→ **The problem**
Retype every line from the start of the entries below down to the line with "Love Shack Fancy", both ends included; skip the pictures.

→ **Data records**
========================
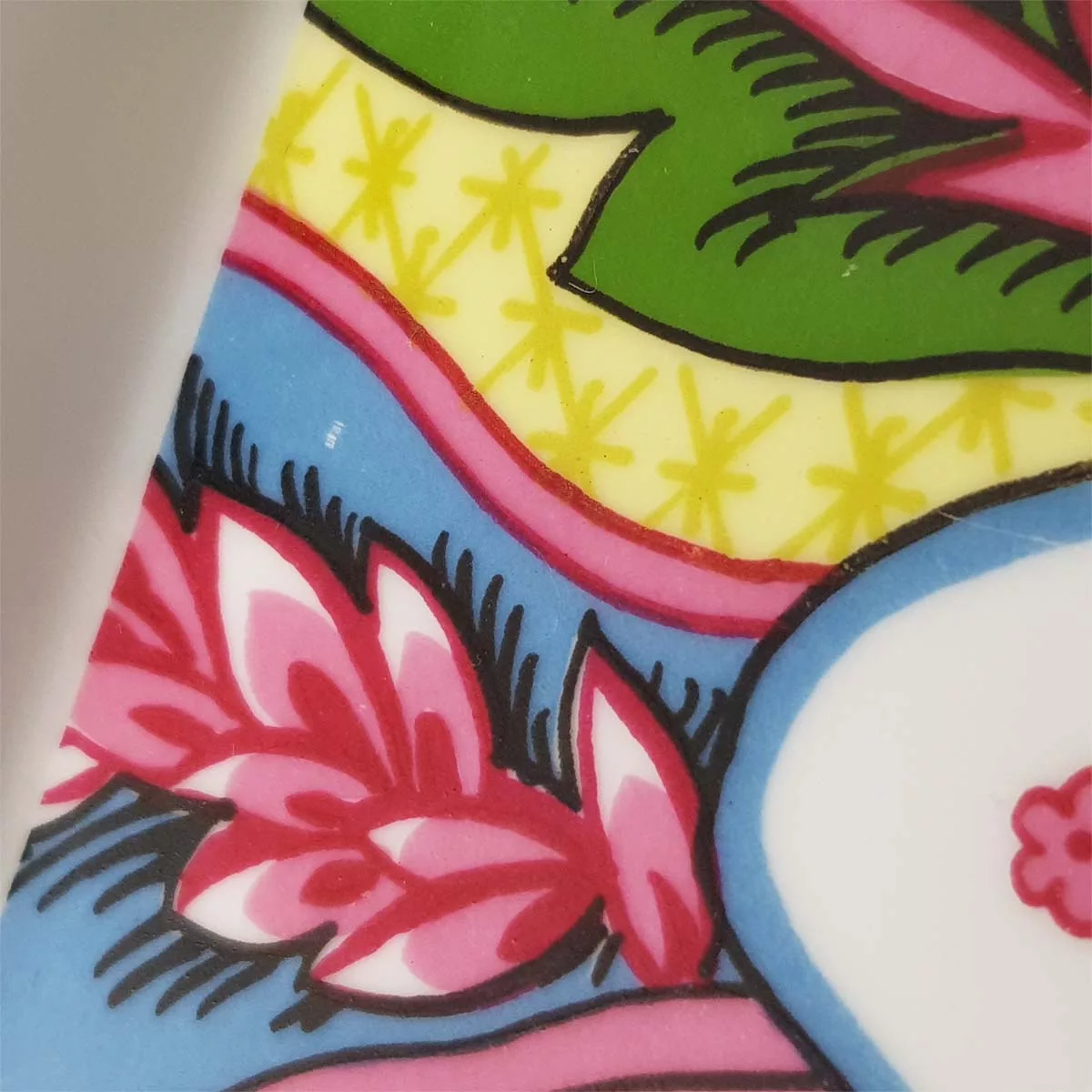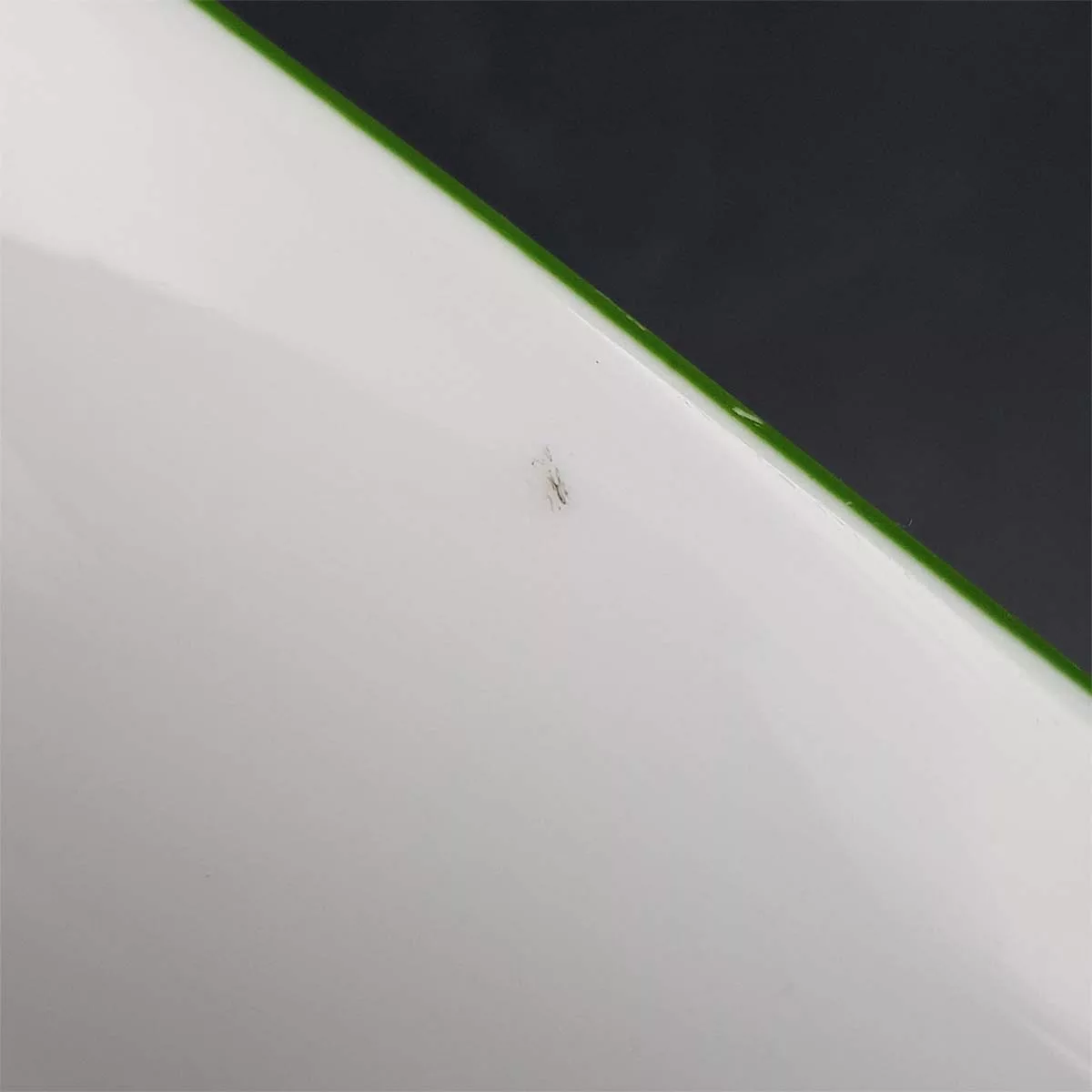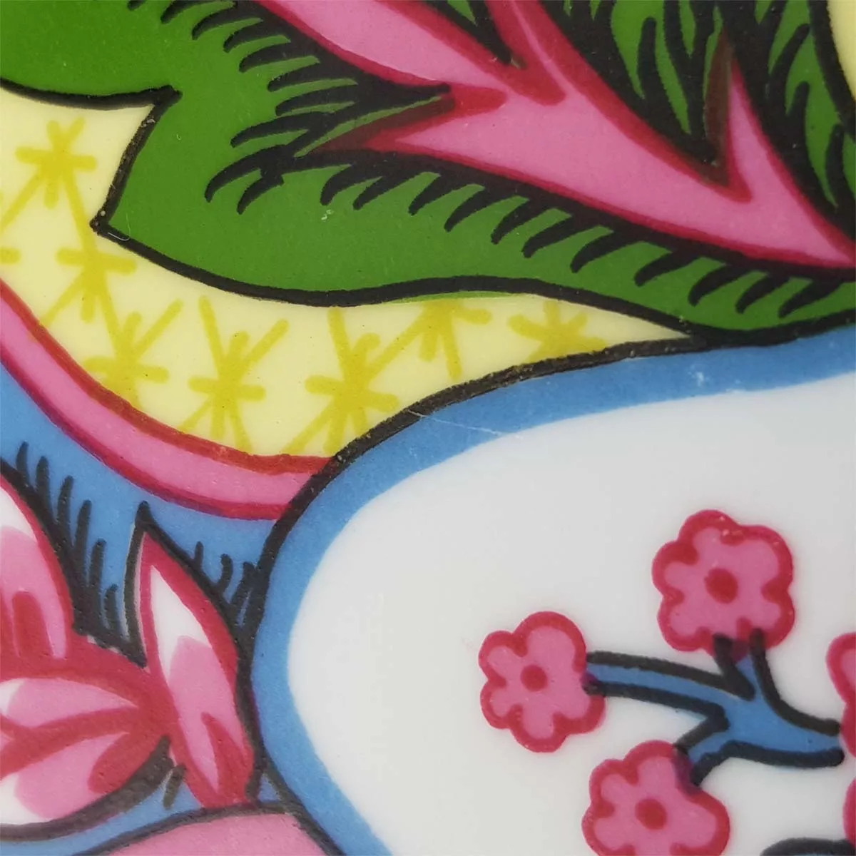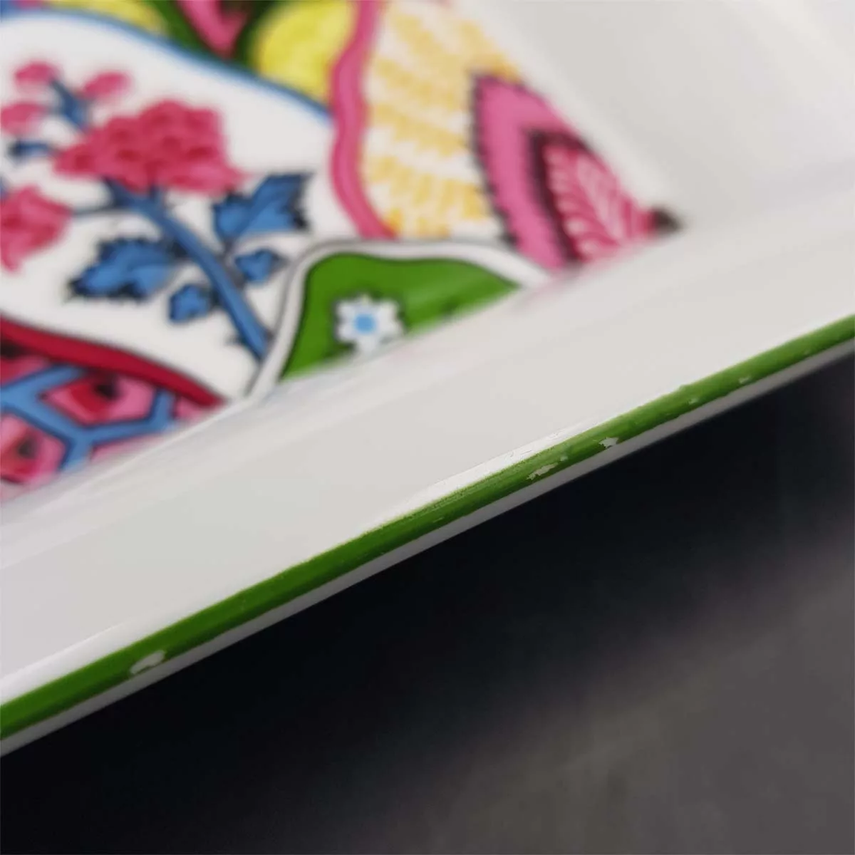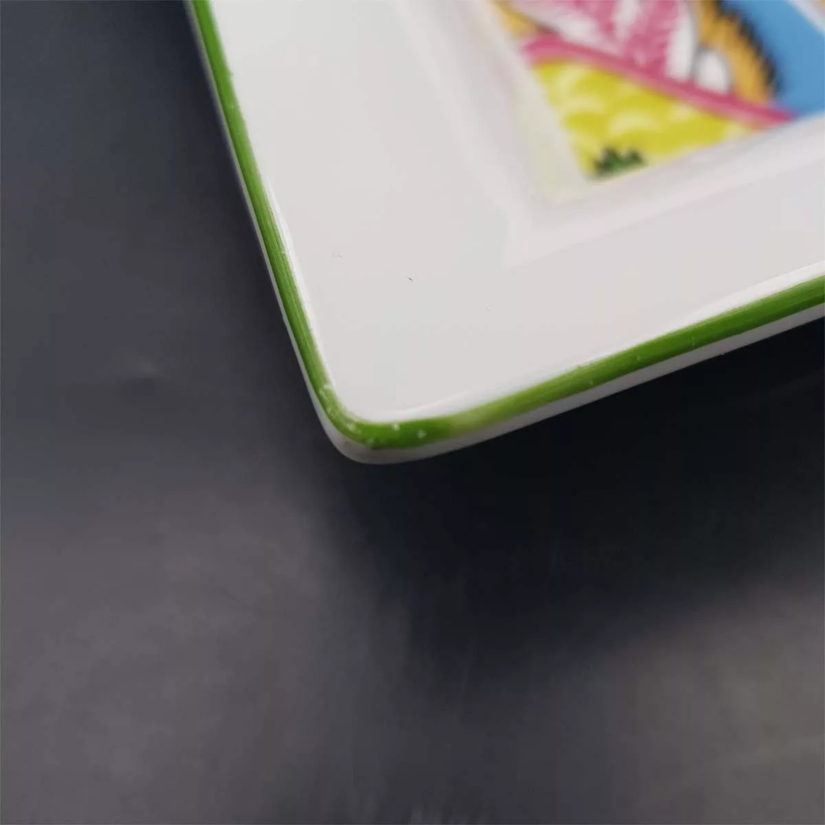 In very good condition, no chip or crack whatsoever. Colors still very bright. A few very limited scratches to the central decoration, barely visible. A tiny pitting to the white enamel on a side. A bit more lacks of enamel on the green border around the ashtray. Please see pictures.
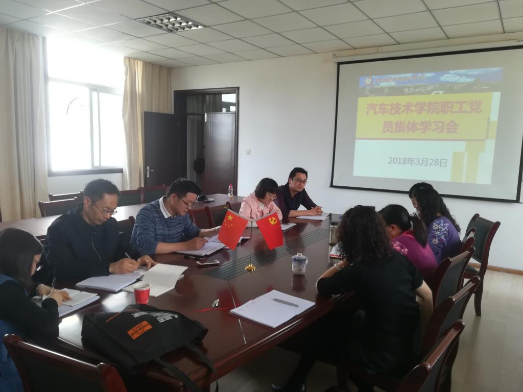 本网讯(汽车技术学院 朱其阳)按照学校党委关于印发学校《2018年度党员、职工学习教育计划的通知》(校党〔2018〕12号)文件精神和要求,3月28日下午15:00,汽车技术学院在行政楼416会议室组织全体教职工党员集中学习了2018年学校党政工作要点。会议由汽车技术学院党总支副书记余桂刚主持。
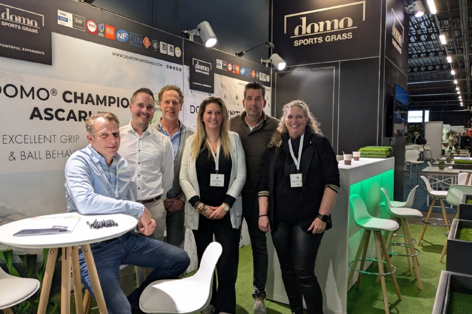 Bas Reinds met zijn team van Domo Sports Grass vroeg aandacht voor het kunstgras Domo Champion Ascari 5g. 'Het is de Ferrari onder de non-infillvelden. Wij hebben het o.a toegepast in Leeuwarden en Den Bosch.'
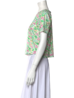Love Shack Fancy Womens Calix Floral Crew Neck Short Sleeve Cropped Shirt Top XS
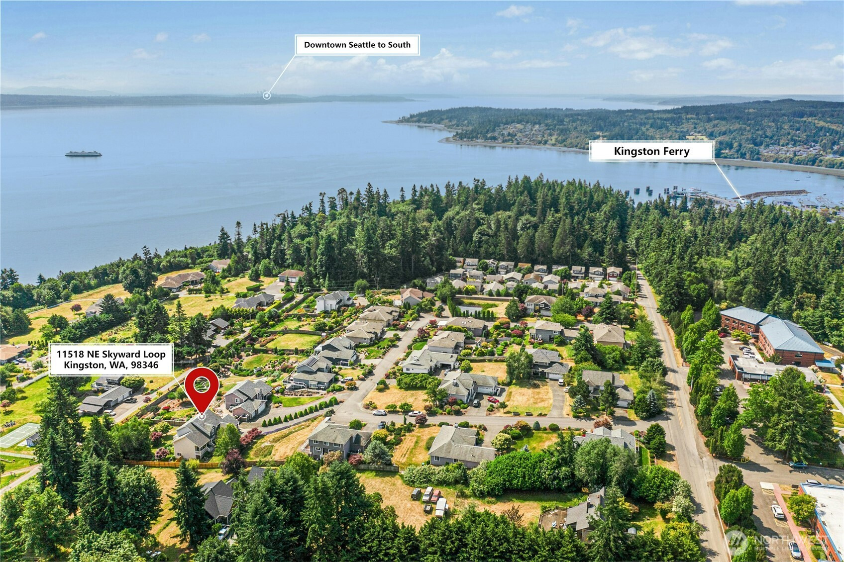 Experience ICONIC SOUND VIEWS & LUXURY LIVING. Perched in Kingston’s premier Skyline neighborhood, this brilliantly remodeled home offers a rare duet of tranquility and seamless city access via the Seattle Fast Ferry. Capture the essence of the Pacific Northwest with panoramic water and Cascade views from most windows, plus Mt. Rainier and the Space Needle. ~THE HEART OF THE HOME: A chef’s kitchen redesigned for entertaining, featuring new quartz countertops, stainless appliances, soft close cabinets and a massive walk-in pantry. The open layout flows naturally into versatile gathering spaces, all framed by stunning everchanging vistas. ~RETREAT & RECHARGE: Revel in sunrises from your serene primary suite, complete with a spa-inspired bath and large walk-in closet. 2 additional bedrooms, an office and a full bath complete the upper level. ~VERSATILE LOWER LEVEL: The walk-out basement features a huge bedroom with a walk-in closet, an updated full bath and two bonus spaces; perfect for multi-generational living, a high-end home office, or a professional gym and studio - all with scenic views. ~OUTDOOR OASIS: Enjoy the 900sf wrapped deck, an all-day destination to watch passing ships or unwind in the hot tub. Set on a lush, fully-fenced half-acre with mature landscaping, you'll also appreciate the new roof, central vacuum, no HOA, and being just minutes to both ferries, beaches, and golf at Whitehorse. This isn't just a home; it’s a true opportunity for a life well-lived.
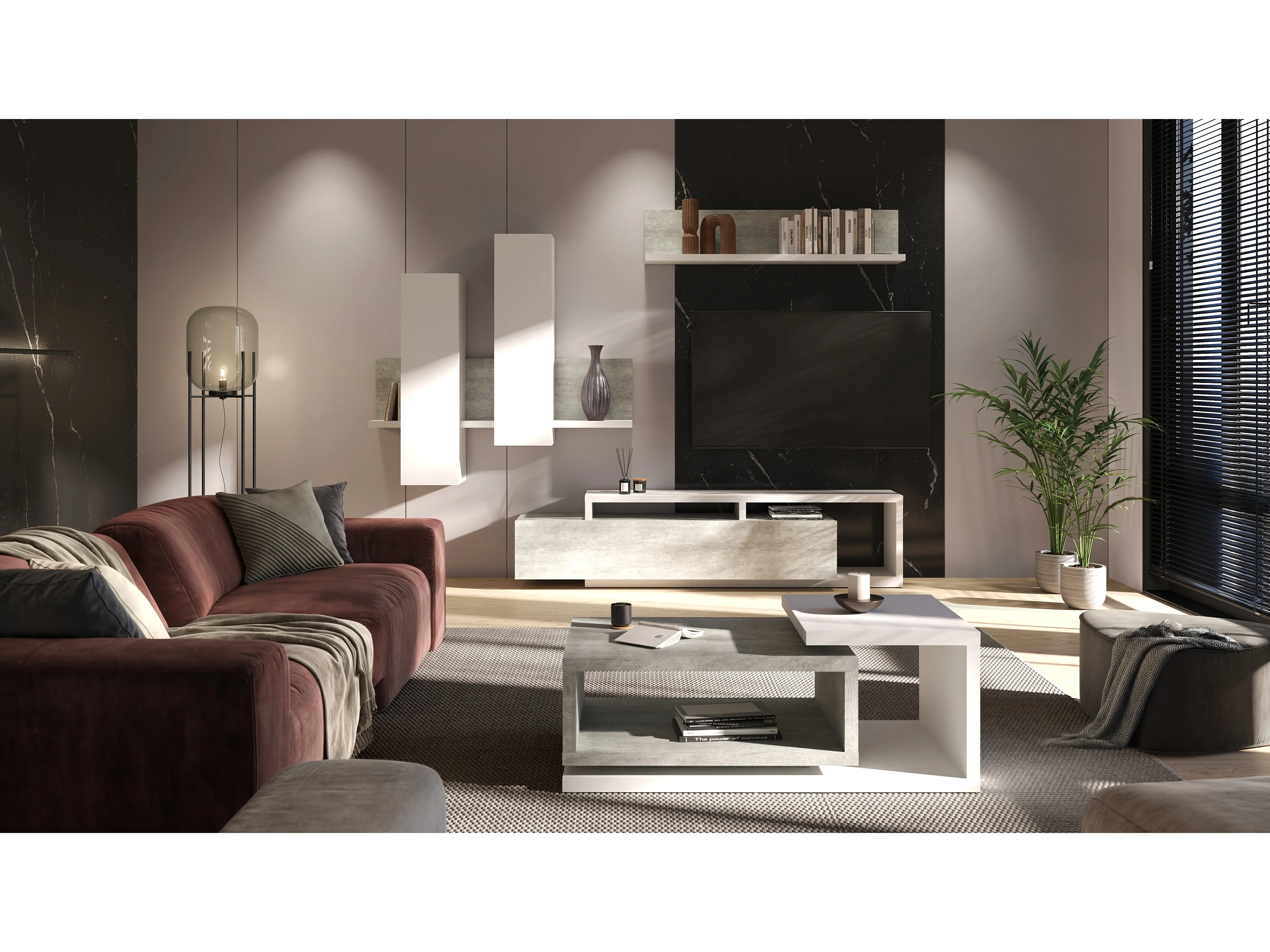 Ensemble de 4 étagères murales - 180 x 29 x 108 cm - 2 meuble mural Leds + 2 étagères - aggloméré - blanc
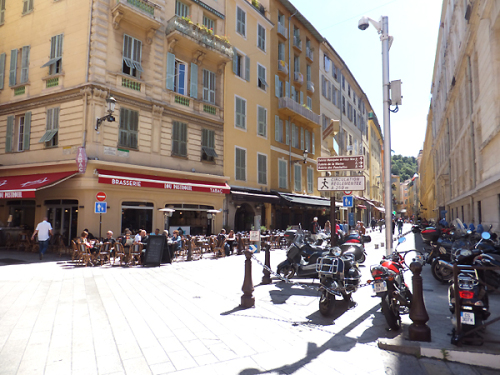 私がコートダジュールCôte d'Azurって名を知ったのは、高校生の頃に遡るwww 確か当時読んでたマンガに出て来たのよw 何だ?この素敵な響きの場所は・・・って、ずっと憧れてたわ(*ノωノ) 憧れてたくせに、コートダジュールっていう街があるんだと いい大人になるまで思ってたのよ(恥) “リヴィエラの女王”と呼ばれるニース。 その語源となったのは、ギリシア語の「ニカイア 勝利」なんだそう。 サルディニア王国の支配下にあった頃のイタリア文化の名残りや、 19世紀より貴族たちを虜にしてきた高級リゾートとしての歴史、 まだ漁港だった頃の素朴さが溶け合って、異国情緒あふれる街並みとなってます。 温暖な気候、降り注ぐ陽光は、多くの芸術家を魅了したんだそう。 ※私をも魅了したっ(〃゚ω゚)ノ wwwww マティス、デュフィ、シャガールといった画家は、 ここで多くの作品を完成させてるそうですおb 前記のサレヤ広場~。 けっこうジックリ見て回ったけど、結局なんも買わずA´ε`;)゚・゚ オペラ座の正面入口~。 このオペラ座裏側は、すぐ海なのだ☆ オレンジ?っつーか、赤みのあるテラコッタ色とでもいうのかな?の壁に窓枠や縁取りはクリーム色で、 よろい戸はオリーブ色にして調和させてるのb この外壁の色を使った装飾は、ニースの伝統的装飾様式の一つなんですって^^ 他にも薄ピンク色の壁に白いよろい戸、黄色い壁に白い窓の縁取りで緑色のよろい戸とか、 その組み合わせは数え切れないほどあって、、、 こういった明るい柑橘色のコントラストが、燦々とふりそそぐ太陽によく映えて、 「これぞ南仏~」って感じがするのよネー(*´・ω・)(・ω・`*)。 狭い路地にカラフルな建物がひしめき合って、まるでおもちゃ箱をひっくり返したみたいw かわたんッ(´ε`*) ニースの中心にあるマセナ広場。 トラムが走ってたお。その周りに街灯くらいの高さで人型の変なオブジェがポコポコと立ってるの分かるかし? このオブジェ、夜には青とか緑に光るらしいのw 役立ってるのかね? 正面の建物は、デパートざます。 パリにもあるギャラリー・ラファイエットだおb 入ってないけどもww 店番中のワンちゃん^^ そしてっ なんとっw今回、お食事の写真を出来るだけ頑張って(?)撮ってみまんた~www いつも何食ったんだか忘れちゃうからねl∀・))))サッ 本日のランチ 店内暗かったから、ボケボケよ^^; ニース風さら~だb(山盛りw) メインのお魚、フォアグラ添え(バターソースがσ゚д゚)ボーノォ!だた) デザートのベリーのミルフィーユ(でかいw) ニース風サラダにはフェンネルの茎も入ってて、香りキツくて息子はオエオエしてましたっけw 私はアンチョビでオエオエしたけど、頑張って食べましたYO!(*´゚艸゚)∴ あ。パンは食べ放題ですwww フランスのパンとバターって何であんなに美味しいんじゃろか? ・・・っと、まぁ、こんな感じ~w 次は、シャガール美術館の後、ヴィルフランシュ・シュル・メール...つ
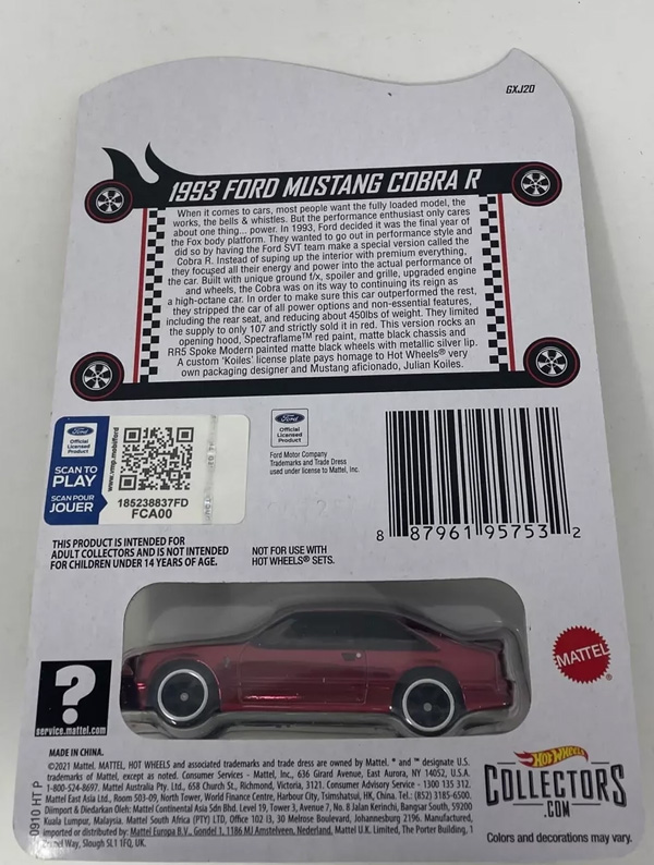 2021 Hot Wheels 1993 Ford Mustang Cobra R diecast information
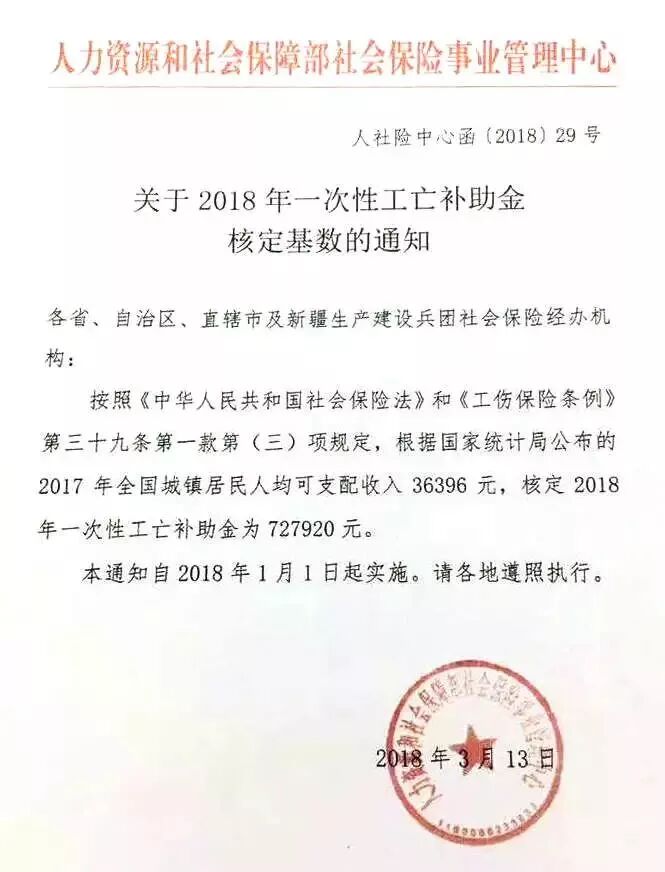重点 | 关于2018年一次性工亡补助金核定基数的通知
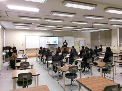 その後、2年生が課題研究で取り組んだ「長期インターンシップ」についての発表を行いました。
========================
→ **Result of this exercise**
 In very good condition, no chip or crack whatsoever. Colors still very bright. A few very limited scratches to the central decoration, barely visible. A tiny pitting to the white enamel on a side. A bit more lacks of enamel on the green border around the ashtray. Please see pictures.
 本网讯(汽车技术学院 朱其阳)按照学校党委关于印发学校《2018年度党员、职工学习教育计划的通知》(校党〔2018〕12号)文件精神和要求,3月28日下午15:00,汽车技术学院在行政楼416会议室组织全体教职工党员集中学习了2018年学校党政工作要点。会议由汽车技术学院党总支副书记余桂刚主持。
 Bas Reinds met zijn team van Domo Sports Grass vroeg aandacht voor het kunstgras Domo Champion Ascari 5g. 'Het is de Ferrari onder de non-infillvelden. Wij hebben het o.a toegepast in Leeuwarden en Den Bosch.'
Love Shack Fancy Womens Calix Floral Crew Neck Short Sleeve Cropped Shirt Top XS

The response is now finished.